We propose a division of labor scheme where any facility that has an automated liquid handler and a PCR block can function as a first step in the processing pipeline. A single 96 plate is processed and pooled every ~30 minutes in every such station. These pooled batches can be collected to a central sequencing facility that pools them further for cost-effective sequencing.
If collection into plates is not feasible, there are dedicated automated liquid handler stations for re-organizing tubes into plates, as is already the case in most testing facilities.
Since the main equipment required for the application of ApharSeq already exists in many diagnostic facilities, we envision a gradual transition from the qPCR technology to sequencing-based assays by partial re-purposing of labs. For example, a facility with five liquid handlers can process upto ~2000 samples in two hours12, and then get back to its usual testing qPCR program.
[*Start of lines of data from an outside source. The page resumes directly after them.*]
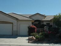 Sun City Palm Desert- Expanded Monaco. Located near the Mountain View clubhouse this home has an East facing rear yard w/an extended patio, hot tub and lush desert landscaping. A gated front courtyard and double door entry provide curb appeal. Inside, shutters are throughout; tile is in all but the living and bedrooms. The kitchen has a large island w/breakfast bar, speckeld corian counters, double wall ovens and a large skylight. The Master suite has a bay slider, a walkin closet w/mirrored ...
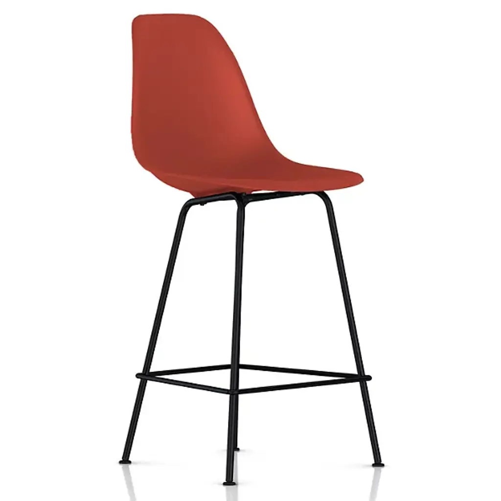 Designed by the legendary Charles and Ray Eames, the Eames Molded Plastic Stool by Herman Miller features a sleek, sophisticated design with playful colors. Originally designed in 1950, the Eames plastic stool has an appearance that is timeless, yet modern. Its recyclable polypropylene seat sits on top of 4 minimalistic legs—available in the finish of your liking. Available at counter height or bar height, Eames is ideal to place at a contemporary kitchen island, home bar, or breakfast nook.
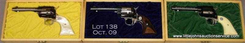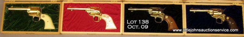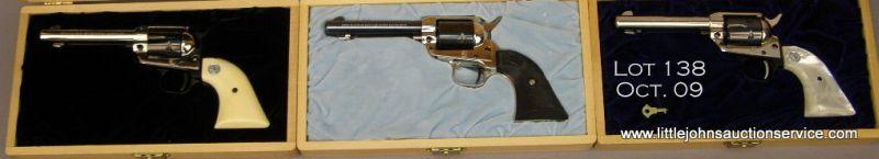 Outstanding lot of entire10 Colt Kansas Trail Series Commemorative .22 SAA revolvers, all cased and all in near mint condition showing little handling. This lot includes the following Commemoratives:• “Fort Hayes”, 1870-1970, .22 cal., 4-3/4” barrel, blue & nickel finish, checkered hard rubber grips, #374FH. • “Coffeyville”, 1866-1966, .22 cal., 4-3/4” barrel, gold finish, smooth wood medallion grips,#374KC. • “Chisholm Trail”, 1867-1967, .22 cal., 4-3/4” barrel, blue finish with nickel trigger guard and backstrap, faux pearl medallion grips, #374CH. • “Wichita”, 1864-1964, .22 cal., 4-3/4” barrel,gold finish, faux pearl medallion grips, #374KW. • “Fort Larned”, 1869-1969, .22 cal., 4-3/4” barrel, blue and nickel finish, faux pearl medallion grips, #374FL. • “Fort Riley”, 1870-1970, .22 cal., 4-3/4”barrel, nickel and blue finish, faux ivory medallion grips, #374FR. • “Dodge City”, 1864-1964, .22 cal., 4-3/4” barrel, gold finish, faux ivory medallion grips, #374KD.

The pools generated during these two hours from four such facilities can be collected to a central sequencing center.
Once such advancements are made and ApharSeq proves useful and informative it can be used as an alternative avenue in case of supply shortages, or diversify the types of tests a single facility can provide for different use cases, namely high-throughput non-urgent population screens vs. lower-throughput urgent testing.
Discussion
Here we propose ApharSeq, an early-pooling protocol for the detection of the SARS-CoV-2 virus in clinical samples using next generation sequencing. While sensitive RT-qPCR assays are the backbone of testing in the current pandemic, they are lacking sequence information that may be crucial to trace infection chains, and more importantly, they are difficult to scale up.
The current second wave of infections highlights that global testing and tracing efforts require an orders-of-magnitude scale-up. We believe that our approach, and future improvements and modifications thereof, might form the basis for such an improvement of several orders of magnitude relative to current testing strategies. Specifically, the ability to pool hundreds or thousands of samples as early as possible, without losing the sample-specific information, is a crucial improvement on all currently published NGS-based tests6,23,24,25,26,27. The early pooling approach proposed here, which might be applicable to other protocols, elicits proportional reductions in costs and labor that directly translate to higher throughput in testing.
While we established key properties of our approach, namely linearity, high-sensitivity, low cross-reactivity, and the potential for multi-target testing, there is still much to be done. Specifically, more optimization can improve efficiencies, shorten durations, reduce background noise and increase the sensitivity. Similarly, it is straightforward to introduce multiple internal synthetic controls that will provide clinicians with reproducible and informative assay measures and reliable results7.
Once the detection hurdle is surpassed and the relevant infrastructure and logistics are set into place, ApharSeq should be easy to extend to other more advanced applications in the context of the disease. Testing for co-morbid or confounding pathogens like flu viruses, amplifying viral variable regions to identify infection chains28,29, and monitoring the host immune response with key transcripts30 are just some of the potential applications of our generic approach. While these will incur some additional costs, we believe that for many applications the benefits will significantly outweigh the minor costs.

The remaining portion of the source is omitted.